Tüm bunlar, 2018’den bu yana olduğu gibi, muhtemelen gelecek yıl da piyasanın açık vermesine neden olacak. Ancak doğrudan kıtlık yaşanması pek olası değil. Büyük tesisler envanter tutar. Ve çalışan reaktörlere yerleştirilen yakıt bloklarının ömrü hala bir ila üç yıl arasındadır ve sınırlı maliyetlerle bir yıllık uzatma mümkündür. Çoğunun bir sonraki bloğu da kullanıma hazır. Bu nedenle tükenme riski dört yıldan fazla uzakta.
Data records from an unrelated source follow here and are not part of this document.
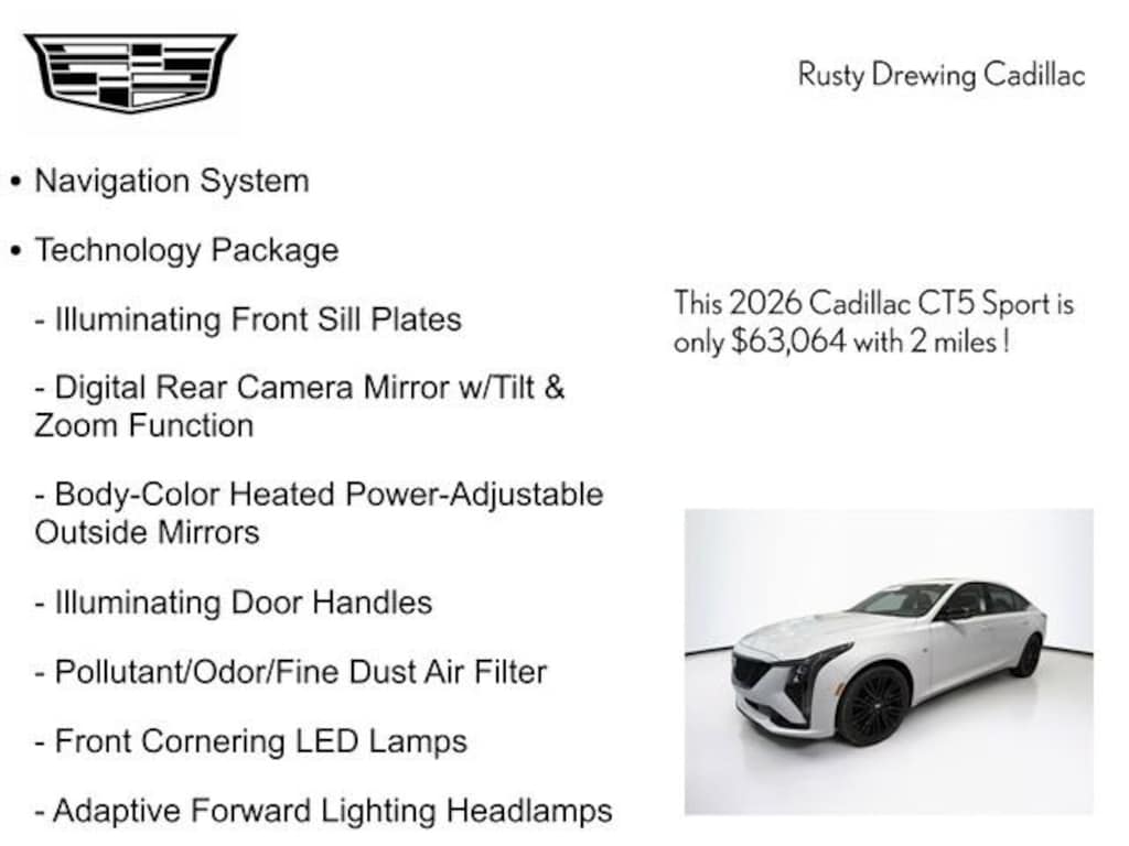 White 2026 Cadillac CT5 Sport 10-Speed Automatic 2.0L I4 Turbocharged DOHC 16V LEV3-SULEV30 237hp CT5 Sport, 4D Sedan, 2.0L I4 Turbocharged DOHC 16V LEV3-SULEV30 237hp, 10-Speed Automatic, White, Jet Blk Lth With Mini-Per, Adaptive Forward Lighting Headlamps, Air Quality Indicator Sensor, AKG 15-Speaker System, Apple CarPlay/Android Auto, Automatic Leveling System Headlamp Control, Black Grille (LPO), Black Wheel Locks (LPO), Black Wheel Lug Nuts (LPO), Body-Color Heated Power-Adjustable Outside Mirrors, Digital Rear Camera Mirror w/Tilt & Zoom Function, Exterior Parking Camera Rear, Front Cornering LED Lamps, Gloss Black Nameplates (LPO), Gloss Black Rear License Plate Applique (LPO), Hands-Free Decklid Release, Head-Up Display, Heated Driver & Front Passenger Seats, Illuminating Door Handles, Illuminating Front Sill Plates, Navigation System, Onyx Package (LPO) w/Black Raven, Pollutant/Odor/Fine Dust Air Filter, Premium Headlamp System, Technology Package, UltraView Dual Pane Sunroof, Ventilated Driver & Front Passenger Seats, Wheels: 20 Alloy w/Gloss Black Finish (LPO), Wheels: 20 Transit. Price includes: $1000 - Cadillac Financial APR & Down Payment Assistance Program: $1000 discount and 3.40% APR for 36 months. $29.26 per $1000 financed. Available to well qualified buyers who finance through Cadillac Financial. XGA. Exp. 02/02/2026 $500 - Cadillac Bonus Cash Program. Exp. 02/02/2026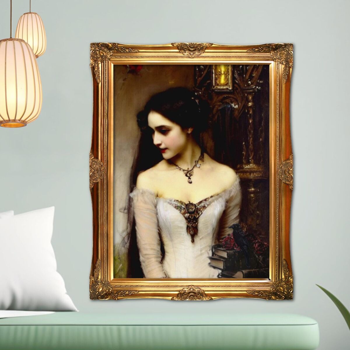 Elevate your space with this stunning victorian Painting Print featuring a girl, perfect for those who appreciate the allure of dark academia. This oil painting print captures the essence of the victorian era, rendered in rich, moody tones that add depth and character to any room. Ideal for creating a dramatic focal poinr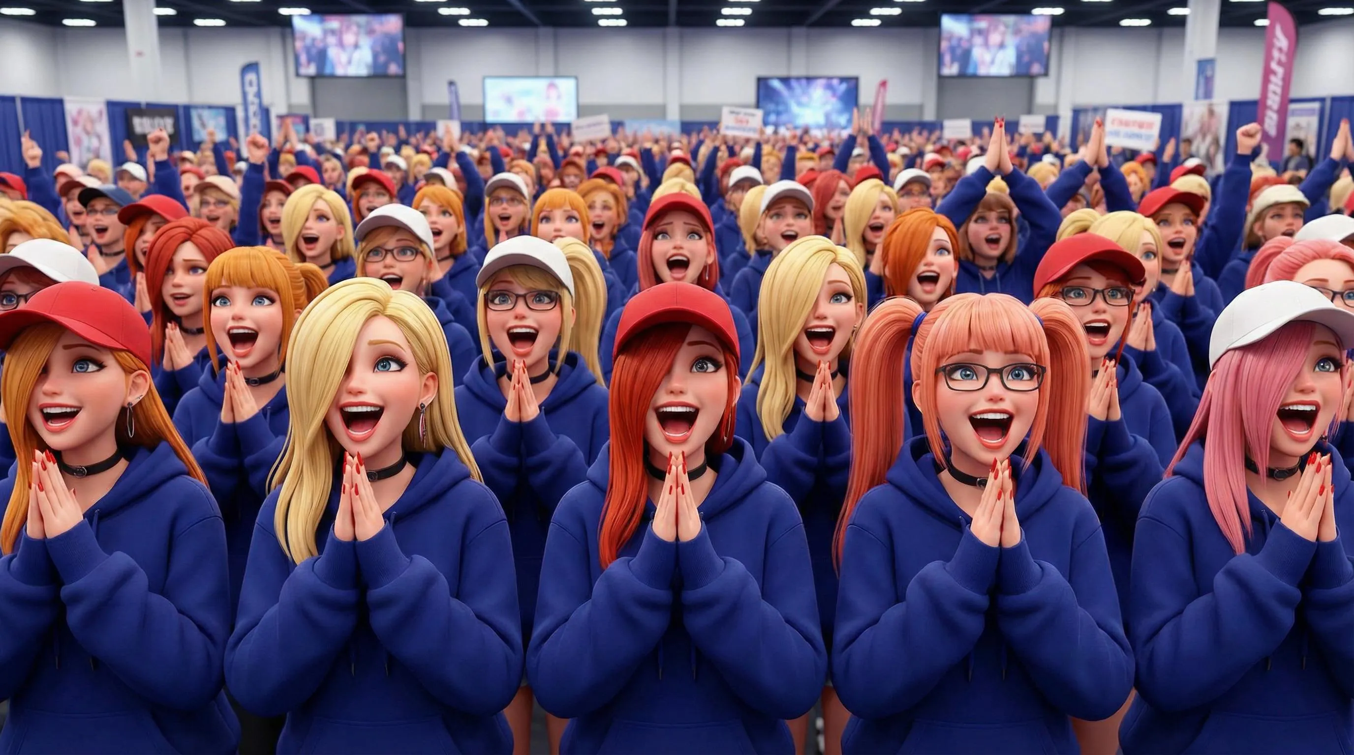 Generate lively CGI anime women inspired by Final Fantasy with vibrant multicolored hair & side-swept styles. Adorned in deep blue moe-sleeve hoodies hiding hands, red/white hats, chokers, skirts, & long nails. Capture their elated expressions, admiring prayer pose, & joyful screams in this vibrant digital art scene. Perfect AI anime character creation.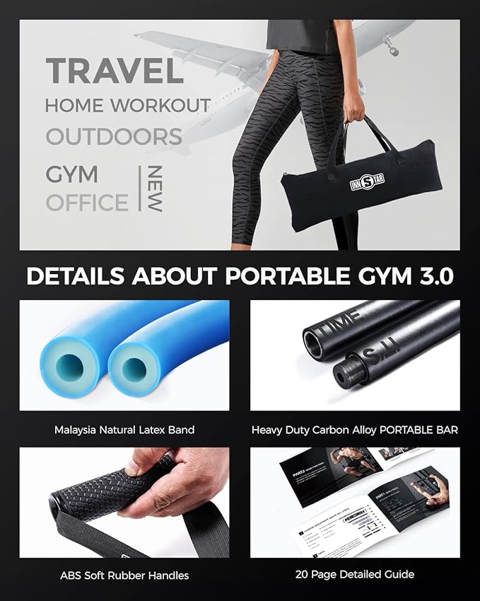 - ★PROFESSIONAL QUALITY FITNESS EQUIPMENT: High quality resistance band for heavy duty exercises. Nature latex material resistance band with 38” workout bar, 4*21” Squat bands for full body exercises. Also come with 2*door anchors, 2*foot straps, 2*ankle cuffs and 2*handles + 20 pages workout manual for your home exercise.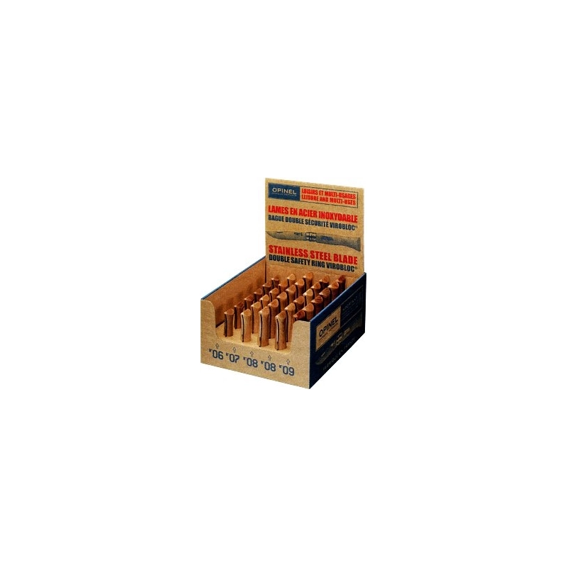 Espositore 30 pz. coltelli misti (6pz. n.6 - 6pz. n.7 - 12pz. n.8 - 6pz. n.9).Modello = materiale lama/articolo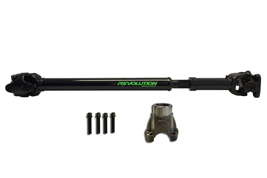 USA Made Premium Front JL 1310 CV Driveshaft by Revolution Gear and Axle. This flange style driveshaft fits 2 or 4 Door 2018 and Newer JL Rubicon models and will work with up to 37 Inch tires and a 6 Inch Lift.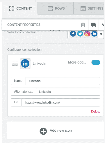 - Select the Icon content block from the Content tab and drag it into position. You'll see the placeholder content.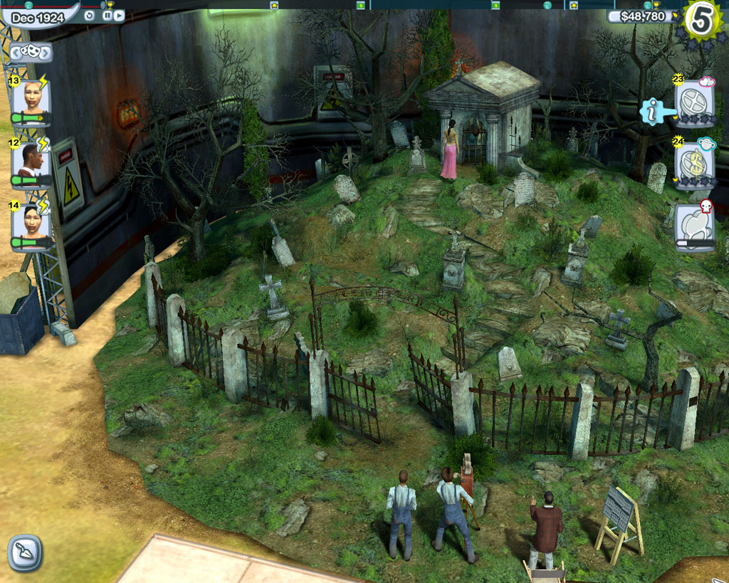 Start Demoは,大通りに面した,だだっ広いさら地が舞台となっている。まずは,スタッフオフィスの前に並んでいる求職者達を雇い,清掃員と建設員を確保。続いて,「Stage School」で映画制作に不可欠な俳優や監督を,「Crew Facility」で制作スタッフを養成しよう。例えば,さっきまで掃除していた人を俳優として抜擢するといったことも可能だ。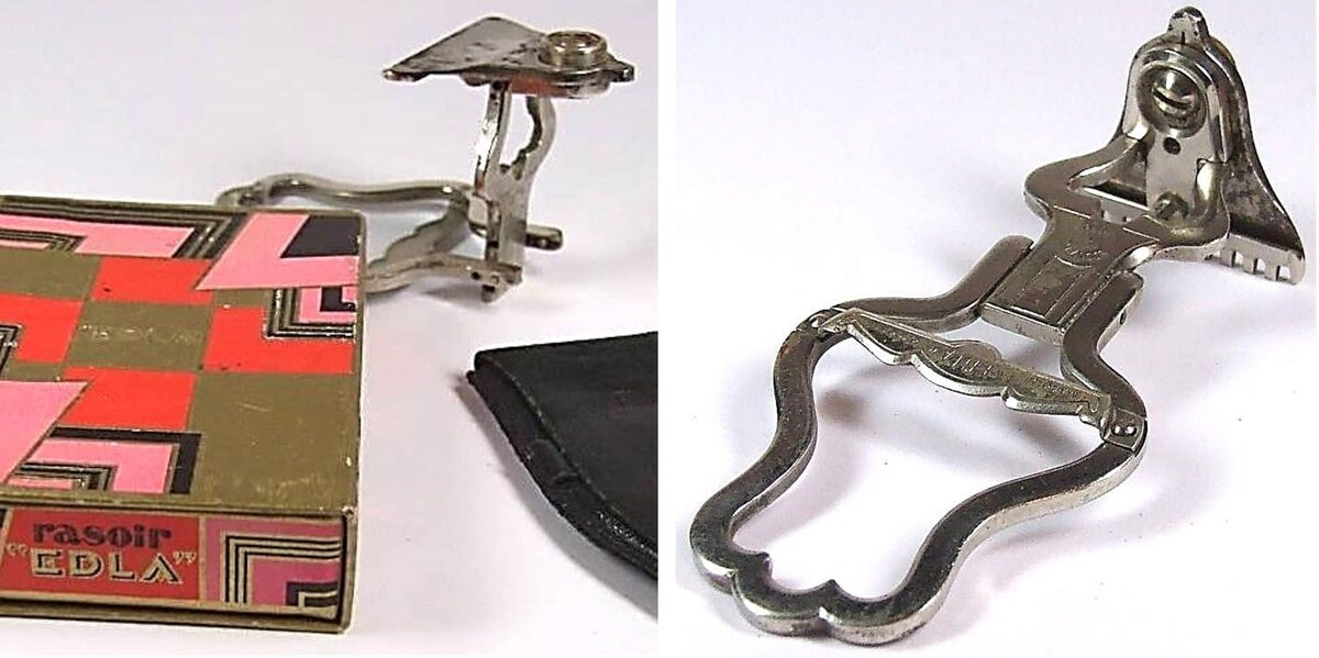 Красивый бритвенный аппарат "Edla" изобретателя Мари-Луи Ривера, конец 1920-х. Выпускался во Франции в двух вариантах комплектации. С традиционной ручкой станка и без, как на изображении выше.

Bu, teklifin yanıt vermesi için zaman tanır. 2010’lu yıllarda üretimi azalttıktan sonra büyük miktarda yedek kapasiteye sahip olan Cameco ve Kazatomprom, yüksek maliyetli üreticilerin pazar payı almasını hoş karşılamayacak. Liberum’dan Tom Price, yalnızca 12-18 ay içinde küresel arza %15-20 daha ekleyebileceklerini tahmin ediyor. Eğer bu durum piyasayı kontrol altına alamazsa, fiyatlardaki sürekli artış yeni madenlerin açılmasını teşvik edecek. Jonathan Hinze SenXvs 70 ila 80 $ arası bir spot fiyatın birçok projeyi başlatmak için yeterli olacağını tahmin ediyor. Tedarik sorunlarının da çok uzun sürmesi muhtemel değildir. Nijerya cuntasının Fransa ile farklılıkları var ancak ülkede diğer madenleri işleten Çin ile farklılıkları yok. Her şey başarısız olursa Kazatomprom her zaman uranyumun uçakla ihraç edilmesine karar verebilir.
Bu nedenle en olası sonuç, fiyatların birkaç yıl boyunca yüksek olması ve on yılın ortasında fazlalığa dönüş olması olacaktır. Hiç kimse erken uranyum fonu alımları ve büyük madenlerdeki su baskınlarının bir araya gelerek spot fiyatı pound başına 135 doların üzerine çıkardığı 2007’nin tekrarını beklemiyor. Her durumda, kamu hizmetleri fiyat şoklarını absorbe etmek için yeterli alana sahiptir. Uranyum yüksek düzeyde işlendiğinden, ham maddeler nihai yakıtın yarısından daha az değere sahiptir; bu da bir tesisin işletme maliyetlerinin yalnızca %10’unu temsil eder (doğal gaz için %70’e kıyasla). Ralli spekülatörler için elinizden çıkanın maliyetinden daha önemlidir. ■
Ekonomi, finans ve piyasalardaki en büyük haberlerin daha uzman analizi için, yalnızca abonelere özel haftalık bültenimiz Money Talks’a kaydolun.